FRECHET MEANS OF RIEMANNIAN DISTANCES: EVALUATIONS AND APPLICATIONS

Abstract

The space of symmetric positive definite matrices forms a manifold with an ambient is Euclidean space. In order to measure the distances between the objects on this manifold several metrics have been proposed. In this work we study the concept of averaging over the elements of the manifold by using the notion of Frechet mean. The main advantageous of this method is its connection to the metrics as a result of which we can utilize the Reimannian distances to obtain the mean of positive definite matrices. We consider three Reimannian metrics which have been developed on the manifold of symmetric positive definite matrices. The methods of obtaining the Frechet mean in the case of each metric will be discussed. The performance of each estimator will be demonstrated by using models based on matrix Cholesky factor, matrix square root and matrix logarithm.
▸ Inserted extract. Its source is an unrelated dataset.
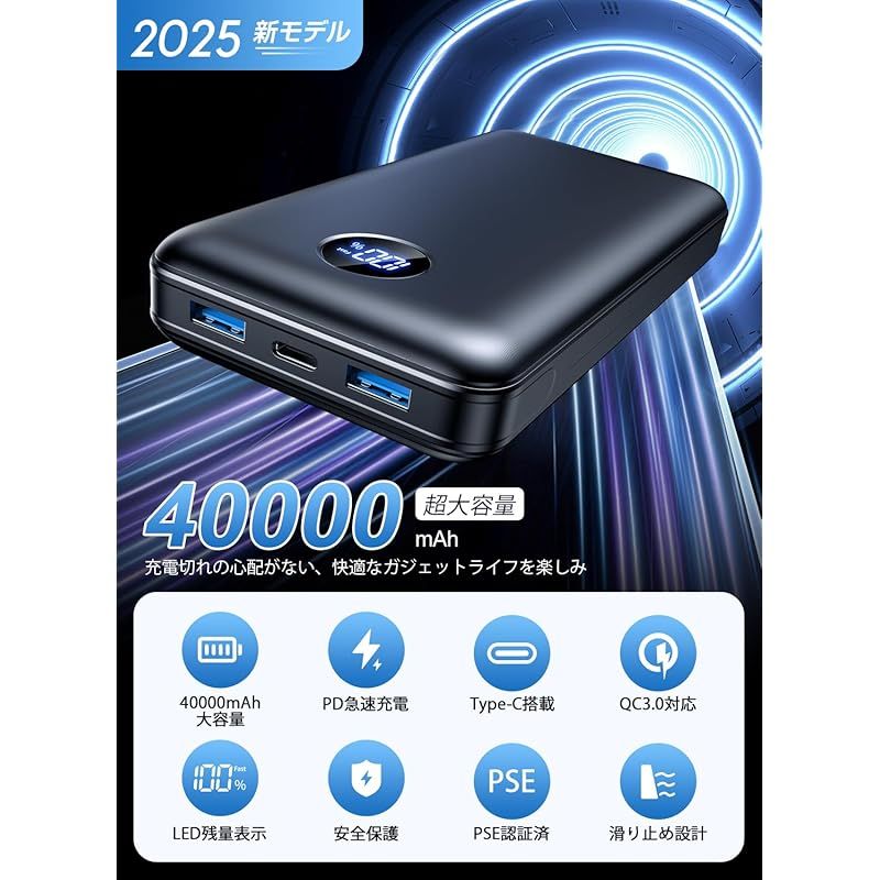 【大容量! 40000mAh安心の大容量&多場合対応可能】電子化の普及に伴い、一人で複数のデバイスを持ち歩くことが一般的な現象になってきました。しかし、緊急充電の問題は主要な研究課題となっています。弊社の40000mAhという圧倒的な大容量はこの問題を完全に解決します。40000mAhのモバイルバッテリーは、スマホと重ねて持っても負担にならないほどコンパクトなのが魅力です。スマホを約10回充電できる容量なので、丸1日の外出や手ぶらで出かけるときに活躍します。さらに、余裕の容量で 3 台のデバイスを同時に充電で、アウトドア用、宿泊旅行用、災害時には欠かせない製品となるというです。これ一つで複数台のスマホ、ワイヤレスヘッドホン、などある程度の電子機器の充電を気にしないでキャンプなどコンセントのないところへ出かけられる安心感。さらに、重量が約430g、サイズは約147.3x68.8x28.4mmと持ち運びに便利なモバイルバッテリーです。 ??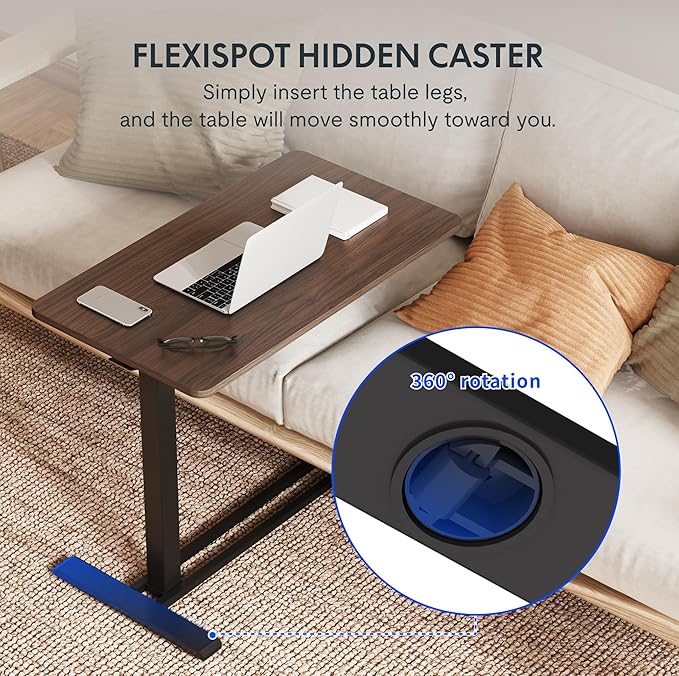 • 360° Smooth-Glide Mobility for Multi-Room Use:Four swivel wheels ensure seamless movement across floors, effortlessly rolling under beds, couches, or recliners as a space-saving over couch table. Transition from a hospital bed table to a living room TV tray or mobile end table with zero friction, ideal for quick room-to-room adjustments.

The deviation from the nominal covariance in each case will be evaluated using loss function, Euclidean distance and root Euclidean distance. We will see that depending on the model under investigation, Frechet mean of Reimannian distances performs better in most of the cases.

In terms of application, we analyse the performance of each Frechet mean estimator in a classification task. For this purpose we evaluate the method of distance to the center of mass using the simulated data. This method will also be applied on the high content cell image data set in order to classify the cells with respect to the type of treatment that has been used.